For reasons probably best left unanswered I need to generate infinite RSA public/private keys. Note this is not being used for anything highly secure, so please don't tell me not to do this, yes I know its not ideal. By "infinite" I mean I need a unknown number of them think billions to trillions, and creating them before being used is not possible.
Since this would consume infinite space and take infinite time to generate I need to do it at runtime.
However I also need to have for a given input the same key pair. This means I need to deterministically recreate the RSA key given the input.
I am using Go and normally you create keys using the following,
k, err := rsa.GenerateKey(rand.Reader, 2048)
Of course the catch is that rand.Reader is supplied by crypto/rand and as such there is no way to seed this.
I thought that it would be possible to provide my own reader implementation to achieve my goal. I looked through the source of GenerateKey and noted that it is looking for prime numbers, so I implemented my own reader, such that I could control the "random" primes returned, allowing me to generate the same key when required,
type Reader struct {
data []byte
sum int
primes []int
}
func NewReader(toRead string) *Reader {
primes := sieveOfEratosthenes(10_000_000)

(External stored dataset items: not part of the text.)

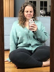 Rented this for working from home and ended up wearing it several times because it was so comfortable and cute. Although meant to be oversized, it does run quite large - I swam in the 0, and you can see in the photo how long the sleeves are on me. Still loved it though - perfect lounging sweater!
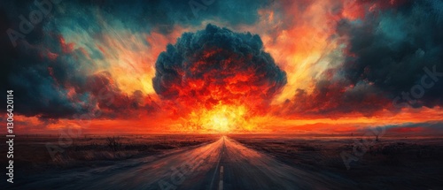 apocalyptic, landscape, sunset, disaster, destruction, end of the world, explosion, nuclear, road, desolate, dramatic, sky, cloud, fire, orange, red, black, dark, horizon, wasteland, aftermath, danger, threat, war, conflict, bomb, atomic, radiation, pollution, environment, climate change, doomsday, armageddon, future, abstract, surreal, fantasy, concept, illustration, painting, digital artwork, ai
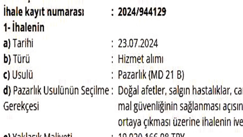 CHP'li Gaziosmanpaşa Belediyesi'nin ihalesi skandala dönüştü. Belediyeye bağlı Kültür ve Sosyal İşler Müdürlüğü tarafından 7 Ağustos 2024'te 'Kültür sanat programları organizasyonu' ihalesi yapıldı. İhale 'Doğal afetler ve salgın hastalıklar' gibi acil durumlarda devreye giren '21 B' maddesine göre pazarlık usulü düzenlendi. 19 milyon 20 bin 166 TL bedel biçilen ihale 18 milyon 875 bin TL'ye davet edilen tek firmaya verildi.
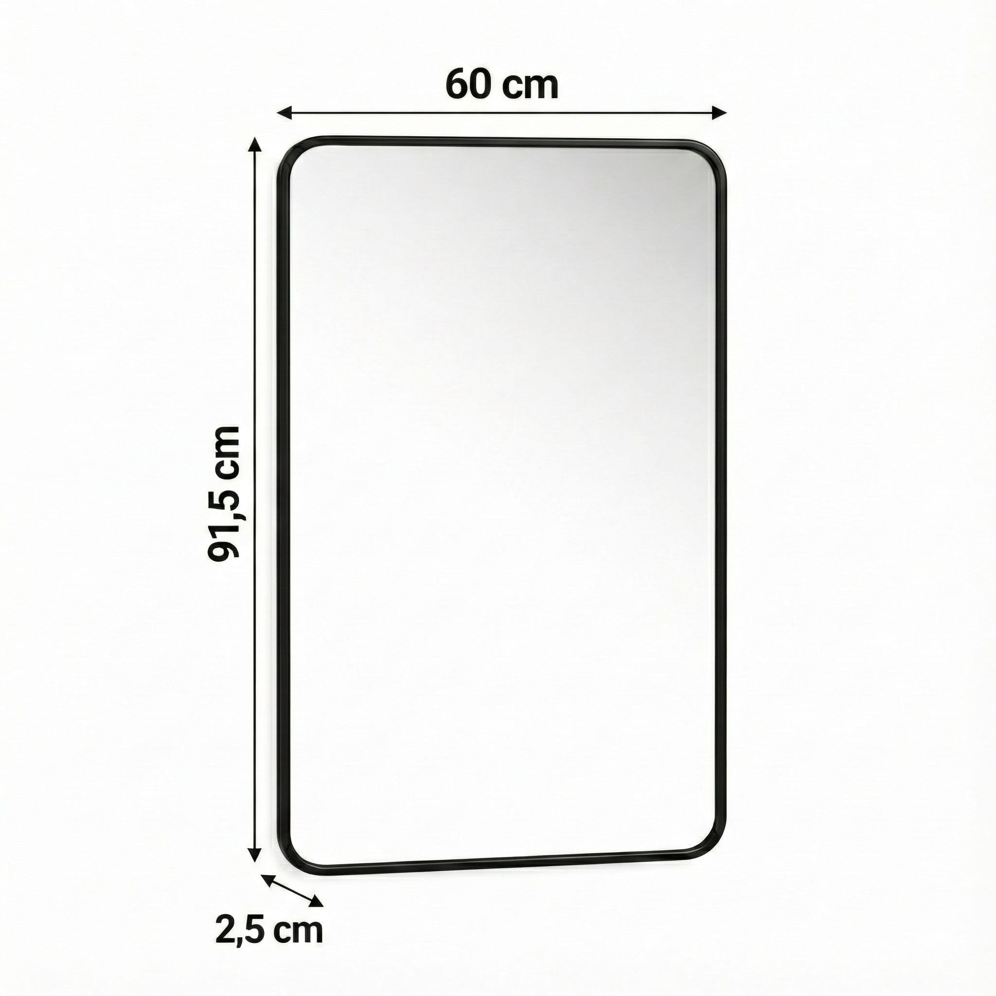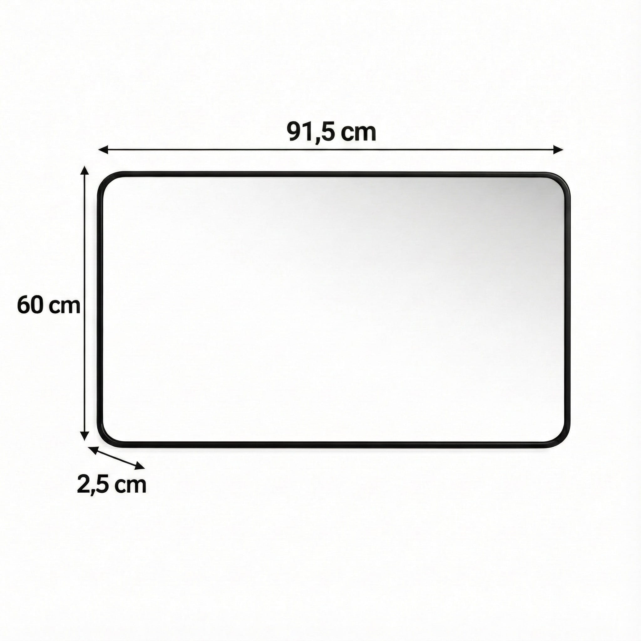 Lustro w metalowej ramie 60x91,5 cm zostało wykonane z wysokiej jakości materiałów, co zapewnia jego trwałość i odporność na codzienne użytkowanie. Rama o grubości 25 mm nadaje całości wyrazistości, podkreślając nowoczesny charakter produktu.
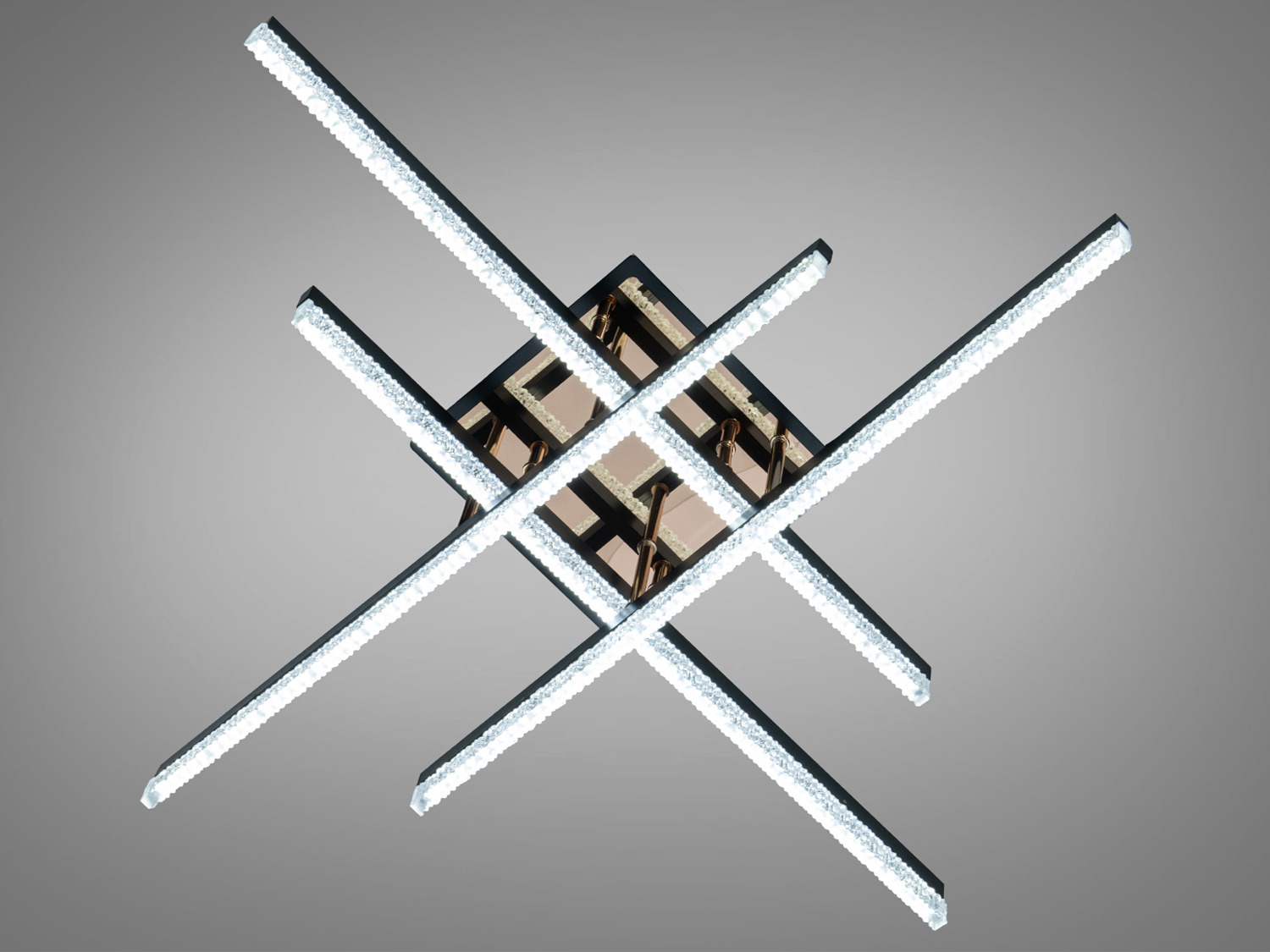 • Геометричний дизайн з перехресними LED-планками для сучасних стилів.
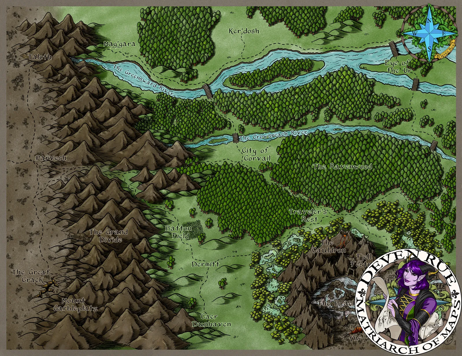 Corvail Map illustrates a richly detailed fantasy region shaped by rivers, forests, and mountain borders that naturally define travel and conflict. Moreover, settlements and landmarks are placed with intention, suggesting trade routes, guarded crossings, and dangerous wilds. This composition makes Corvail Map fantasy regional canvas art an effective tool for long-term storytelling and campaign planning.
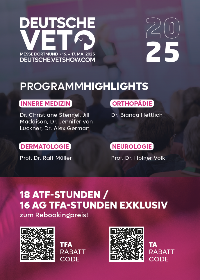 Am 16. und 17. Mai 2025 öffnet die DeutscheVET in Dortmund ihre Türen und lädt Tierärzt:innen und TFAs zu zwei intensiven Tagen voller fachlicher Weiterbildung, praktischer Workshops und umfassender Networking-Möglichkeiten ein. Die DeutscheVET 2025 punktet auch in diesem Jahr mit einem von Prof. Dr. Holger Volk (TiHo Hannover) kuratierten Programm. Dieses deckt die wichtigsten Trends und Herausforderungen in der Veterinärmedizin ab – von Dermatologie über Qualitätsmanagement bis hin zur Inneren Medizin, Anästhesie und Neurologie. Besonders wertvoll: Wer sich weiterqualifizieren möchte, kann gleich 18 ATF-Stunden oder 16 AG TFA-Stunden sammeln.
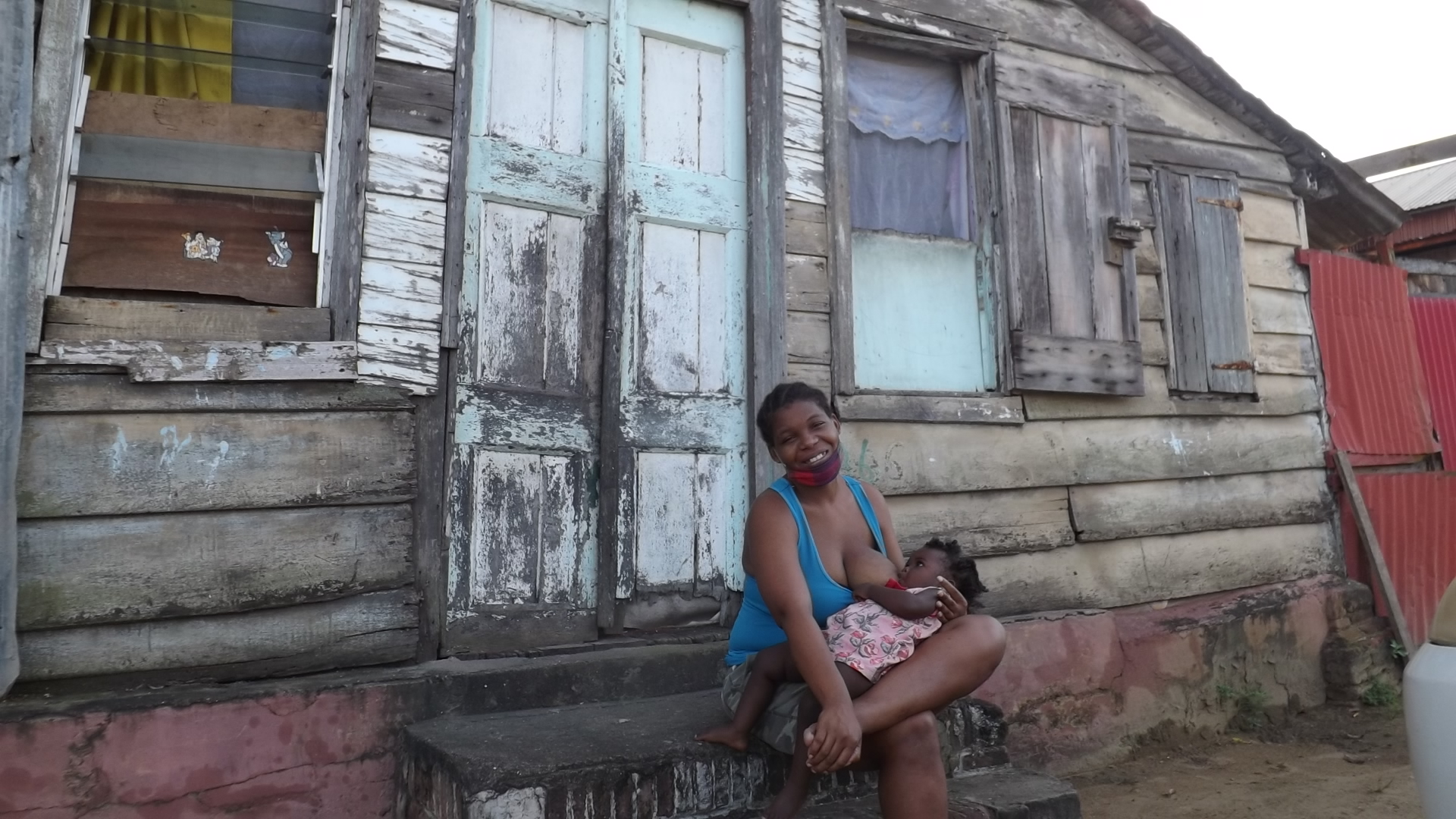 âWij zijn voor de deur om te genieten van de zon en voorbijgangers. Het heeft de afgelopen dagen flink geregend. Ik heb al mijn kinderen borstvoeding gegeven. Moedermelk is de beste voeding voor kinderen. Het is een uiting van liefde voor mij en mijn kind. Het maakt ze sterk. Kijk maar naar mijn jongste. Ze is gezond, ziet er vredig en schattig uit.â

return &Reader{[]byte(toRead), 0, primes}
}
func (r *Reader) Read(p []byte) (n int, err error) {
r.sum = r.sum + 1
if r.sum >= 100_000 {
return r.primes[rand.Intn(len(r.primes))], io.EOF
}
return r.primes[rand.Intn(len(r.primes))], nil
}
func sieveOfEratosthenes(N int) (primes []int) {
b := make([]bool, N)
for i := 2; i < N; i++ {
if b[i] == true {
continue
}
primes = append(primes, i)
for k := i * i; k < N; k += i {
b[k] = true
}
}
return
}
I can then call into generate key like so
k, err := rsa.GenerateKey(NewReader(""), 2048)
Which compiles, but crashes at runtime due to nil pointers. I am fairly comfortable with Go, but the implementation of RSA for this is beyond my understanding. Looking for either a better way to achieve this, or perhaps what I need to do to get my reader working.
Note, the only hard requirement's I have here are being able to generate the same key for a given input, and use rsa.GenerateKey or a drop in compatible replacement. The input can be anything really, so long as I get the same key as the output.
Here is a Go playground link demonstrating where I am currently https://go.dev/play/p/jd1nAoPR5aD
The Read method is not doing what is expected. It does not fill the input p byte slice with random bytes. If you look at the implementation for Unix of crypto/rand.Read method, it passes the input byte slice into another reader. So basically you what you need to fill the byte slice with random numbers. For example:
func (r *Reader) Read(p []byte) (n int, err error) {
i := 0
b := p
for i < len(b) {
if len(b) < 4 {
b[0] = 7
b = b[1:]
} else {
binary.LittleEndian.PutUint32(b, uint32(rand.Intn(len(r.primes))))
b = b[4:]
}
}
return len(p), nil
}
Here is the link to playground.
UPD
As mentioned in the answer by Erwin, there is a function called MaybeReadRand that with 50% chance read 1 byte from rand reader to make this function nondeterministic. But you can get around by adding if statement in Read method: if length of the input slice is 1, then ignore everything and return. Otherwise, feed the input slice with prime numbers:
func (r *Reader) Read(p []byte) (n int, err error) {
i := 0
b := p
if len(p) == 1 {
println("maybeReadRand")
return 1, nil
}
for i < len(b) {
if len(b) < 4 {
b[0] = 7
b = b[1:]
} else {
binary.LittleEndian.PutUint32(b, uint32(r.primes[r.i]))
r.i++
b = b[4:]
}
}
return len(p), nil
}
In this snippet I am creating 2 keys, and both of them are equal.